Korwin-Mikke ciepło o Łukaszence

Janusz Korwin-Mikke gościł dziś w programie publicystycznym TVP Info "Woronicza 17". Głównym tematem, na który debatowali zaproszeni politycy, była tradycyjnie sytuacja na granicy polsko-białoruskiej.

Lider Konfederacji poparł działania rządu związane z planowanym postawieniem muru, który chronić ma przed migracją ze wschodu. Stwierdził też, że uchodźcy pochodzą głównie z Iraku czy Syrii i płacą wysokie ceny, by sypiać w hotelach w Mińsku, a następnie być przetransportowanymi na pogranicze.

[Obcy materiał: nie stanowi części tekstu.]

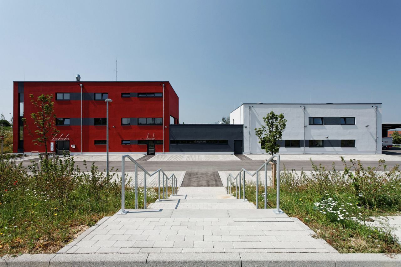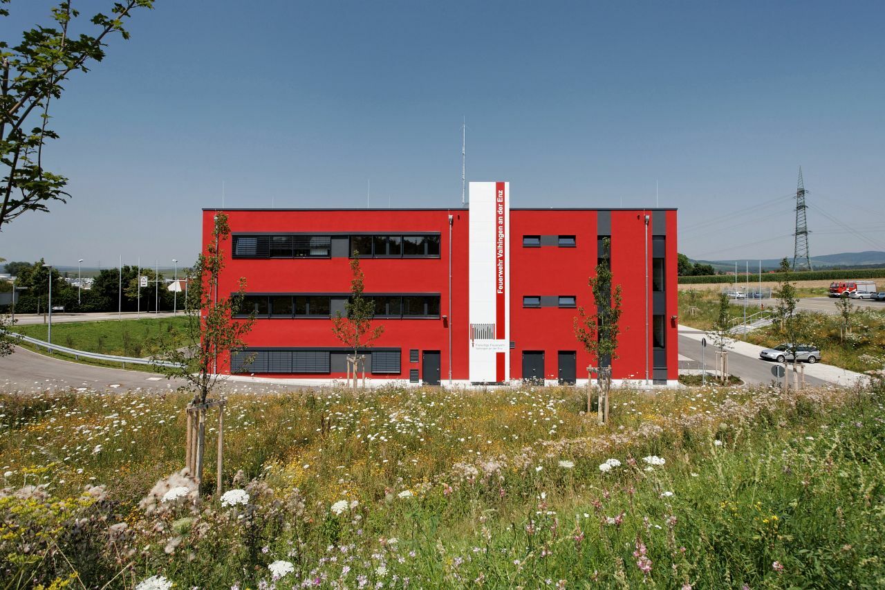 Das Feuerwehrhaus ist mit den Funktionsbereichen in vier Gebäudeteile gegliedert, die die inneren Funktionen außen widerspiegeln:

Dalsza część artykułu pod materiałem wideo

- Tu nie ma nikogo z Afganistanu, bo kobiety tam kochają, że za próbę gwałtu jest kara śmierci i nie uciekają - mówił Korwin-Mikke i zasugerował, że to działania polskich władz sprawiły, że Łukaszenka tak bardzo zbliżył się do Putina.

- Łukaszenka był dla Polski bardzo życzliwy, mówię to od dawna, i myśmy wpychali Łukaszenkę w objęcia Putina, i w końcu go wepchniemy, zobaczycie. Przez was, przez Polskę, która działała na zlecenie Amerykanów wepchniemy Białoruś do Rosyjskiej Federacji - powiedział stanowczo polityk.

Lider Konfederacji oskarżył także obecnych w studiu polityków Zjednoczonej Prawicy oraz prezydenckiego ministra Łukasza Rzepeckiego o to, że przez nich wkrótce na granicy Polski pojawią się wojska rosyjskie.

Wielka awantura w studiu TVP

Jeszcze większe poruszenie wywołał Korwin-Mikke krytykując działania Związku Polaków na Białorusi. Prowadzący program Michał Rachoń nie krył zdumienia i stanowczo sprzeciwił się słowom polityka. - Pan dobrze wie, jaka jest charakterystyka reżimu białoruskiego i jak działa KGB. Rozumiem, że pan odgrywa teatr, że to jest pomysł polityczny, tylko bardzo proszę, żeby pan tego nie robił kosztem ludzi, którzy płacą za swoje działania życiem i zdrowiem - powiedział Rachoń, odnosząc się do sytuacji więzionych na Białorusi Andżeliki Borys i Andrzeja Poczobuta.

Oliwy do ognia dolał także jeden z najbardziej barwnych polityków obozu rządzącego, Dominik Tarczyński, który stwierdził, że przez takie wypowiedzi Korwin nigdy nie wszedł w skład rządu.

- Zawsze tak jest, że jak Konfederacji rośnie poparcie, to wychodzi Korwin-Mikke cały na biało i opowiada tak haniebne rzeczy. Dlatego przez 30 lat odkąd jest w polityce, nigdy nie był i nie będzie w rządzie. To jest żart polityczny zagrażający Polsce - ocenił europoseł.

Na to krótko zareagował sam zainteresowany, który dosadnie nazwał Zjednoczoną Prawicę "rosyjską agenturą". Atmosfera w studiu była wyjątkowo gorąca i pozostała taka do końca programu.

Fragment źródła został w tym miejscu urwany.